By Pete Schroeder and Scott Murdoch
(Reuters) – Multi-billion dollar lifelines for troubled U.S. and European banks shored up investor confidence on Friday and bolstered sentiment in battered stocks, although concerns now centre on whether a global financial crisis has been fully averted.
Large U.S. banks injected $30 billion in deposits into First Republic Bank on Thursday, swooping in to rescue the lender caught up in a widening crisis triggered by the collapse of two other mid-size U.S. lenders over the past week.
The package came less than a day after Swiss bank Credit Suisse clinched an emergency central bank loan of up to $54 billion to shore up its liquidity, which went some way to calming panic about a global banking crisis.
On Friday, Asian stocks were mostly higher in morning trade, tracking Wall Street’s relief rally. First Republic Bank’s stock closed up 10% on news of the rescue but its shares fell 18% in after-market trading, after the bank said it would suspend its dividend. The stock is down more than 70% since March 6.
“I don’t think we are in the crux of a global financial crisis, balance sheets are much better than they were in 2008, banks are better regulated,” said Karen Jorritsma, head of Australian equities, RBC Capital Market. “But people are concerned that the contagion risk is real, and that rattles confidence.”
The European Central Bank pressed forward with a 50-basis-point rate hike on Thursday despite the financial markets turmoil, arguing that euro zone banks were resilient and that if anything, the move to higher rates should bolster their margins.

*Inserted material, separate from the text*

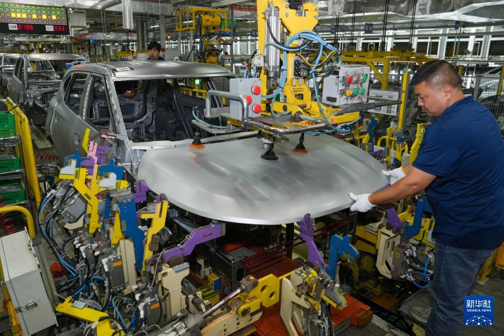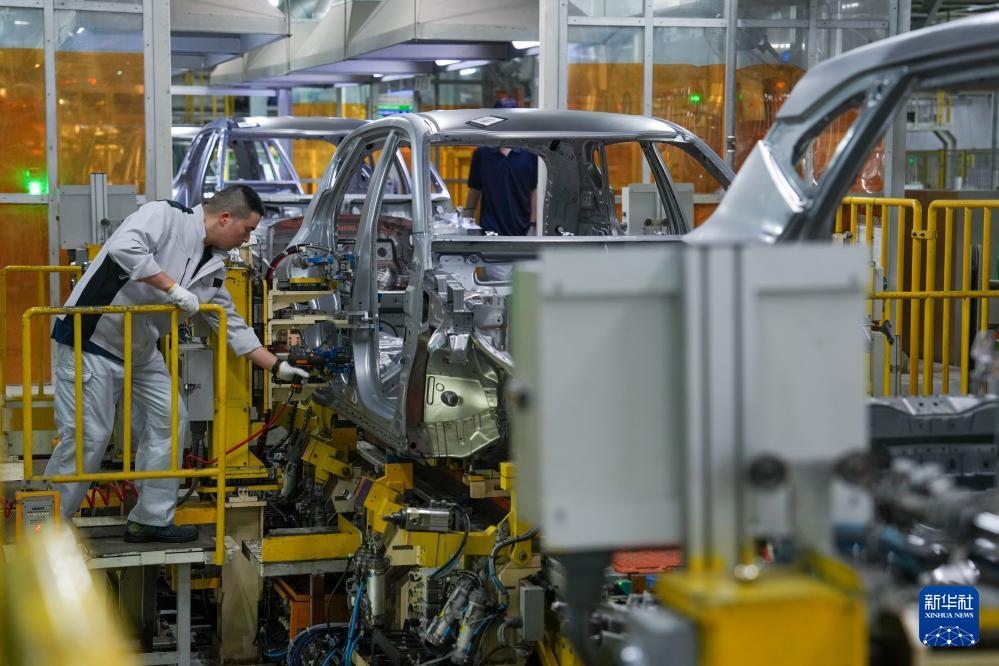 工人在江蘇悅達起亞汽車有限公司生產(chǎn)線上工作(10月16日攝)。

Focus now swings to the Federal Reserve’s policy decision next week and whether it will stick with its aggressive interest rate hikes as it seeks to get inflation under control.
In Asia, authorities in Singapore and Australia said they were monitoring financial markets but were confident local banks were well capitalised and able to withstand major shocks.

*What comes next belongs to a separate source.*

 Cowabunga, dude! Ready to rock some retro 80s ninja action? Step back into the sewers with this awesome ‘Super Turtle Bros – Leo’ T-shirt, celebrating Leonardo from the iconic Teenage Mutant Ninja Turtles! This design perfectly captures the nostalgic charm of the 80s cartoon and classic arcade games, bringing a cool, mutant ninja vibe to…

Banking stocks globally have been battered since Silicon Valley Bank collapsed last week due to bond-related losses that piled up when interest rates surged last year, raising questions about what else might be lurking in the wider banking system.
Within days, the market turmoil had ensnared Credit Suisse, forcing it to borrow from Switzerland’s central bank.

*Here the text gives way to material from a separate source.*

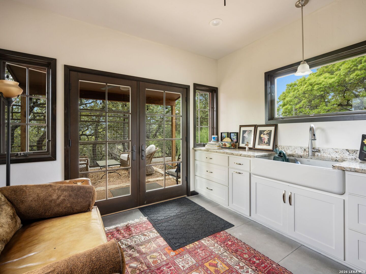 Perched gracefully on a hillside in the heart of the Texas Hill Country, this custom-designed residence-created by Leslie McCoy Anderson of MSA Architecture & Interiors-offers a rare opportunity to experience the serenity and natural splendor of Utopia, Texas. Set on approximately 29 acres, the property captures sweeping canyon vistas and rolling hill views that shift with the seasons, creating a living backdrop of extraordinary beauty. Crafted in 2006 by a respected local custom builder, the home blends seamlessly into its surroundings. Thoughtfully engineered retaining walls and multiple patio spaces were designed to frame the landscape, offering ideal settings for sunset watching, morning coffee, and unforgettable stargazing under the Hill Country sky. Inside, the home showcases a level of craftsmanship that is both refined and inviting. Scored concrete floors, luxurious countertops, and custom knotty alder cabinetry anchor the interiors with warmth and durability. The open floor plan flows effortlessly, creating a natural gathering space for entertaining or quiet evenings at home. A standout feature is the flex room located just off the kitchen and family area. Designed with versatility in mind, this space includes builtin desk areas and custom bookshelves, making it perfect for a home office, creative studio, study lounge, or an additional living area. Whether you envision a dedicated workspace, a reading retreat, or a fitness room, the flexibility of this space allows it to adapt beautifully to your lifestyle. The kitchen is both functional and elegant, featuring custom cabinetry designed to accommodate large dishes and serveware. An impressive 8 foot wine rack adds a striking architectural element and is sure to delight the wine enthusiast. Overhead, a durable 24gauge Kynar standing seam roof provides long-lasting protection and peace of mind. Outdoors, the property becomes a private sanctuary for nature lovers. Deer, turkey, and a rich variety of birdlife roam freely among clusters of Live Oak and Spanish Oak trees. A fully fenced 2,000 +_squarefoot garden area-complete with custom eight foot fencing and an airconditioned garden building-offers an exceptional space for cultivating vegetables, flowers, or specialty plantings. A paved driveway leads from the gated entrance to the home, enhancing both convenience and privacy. Additional features such as water storage and a water softener system support comfortable, self-sufficient living. This exceptional Hill Country retreat offers a rare blend of luxury, privacy, and natural beauty. From its architectural pedigree to its breathtaking views and thoughtful interior design, every element invites you to slow down, breathe deeply, and savor the tranquility of Utopia. Your private showing awaits.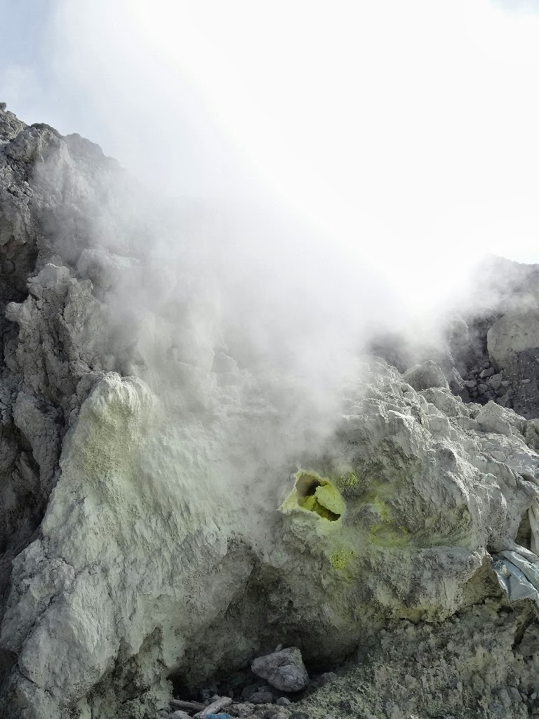 Sur le Sibayak il y a de nombreuses fumerolles qui produisent des vapeurs soufrées sur ses pentes et dans son cratère.

By Thursday, the spotlight whipsawed back to the United States as big banks led an effort to shore up support for First Republic, a regional lender whose shares had tumbled 70% in the last nine trading sessions.
Some of the biggest U.S. banking names including JPMorgan Chase & Co, Citigroup Inc, Bank of America Corp, Wells Fargo & Co, Goldman Sachs and Morgan Stanley were involved in the rescue, according to a statement from the banks.
The deal was put together by top power brokers including U.S. Treasury Secretary Janet Yellen, Federal Reserve Chairman Jerome Powell and JPMorgan Chase CEO Jamie Dimon, who together discussed the package on Tuesday, according to a source familiar with the situation.
EMERGENCY LIQUIDITY
Credit Suisse became the first major global bank to take up an emergency lifeline since the 2008 financial crisis as fears of contagion swept the banking sector and raised doubts over whether central banks will be able to sustain aggressive rate hikes to rein in inflation.
Rapidly rising rates have made it harder for some businesses to pay back or service loans, increasing the chances of losses for lenders already worried about a recession.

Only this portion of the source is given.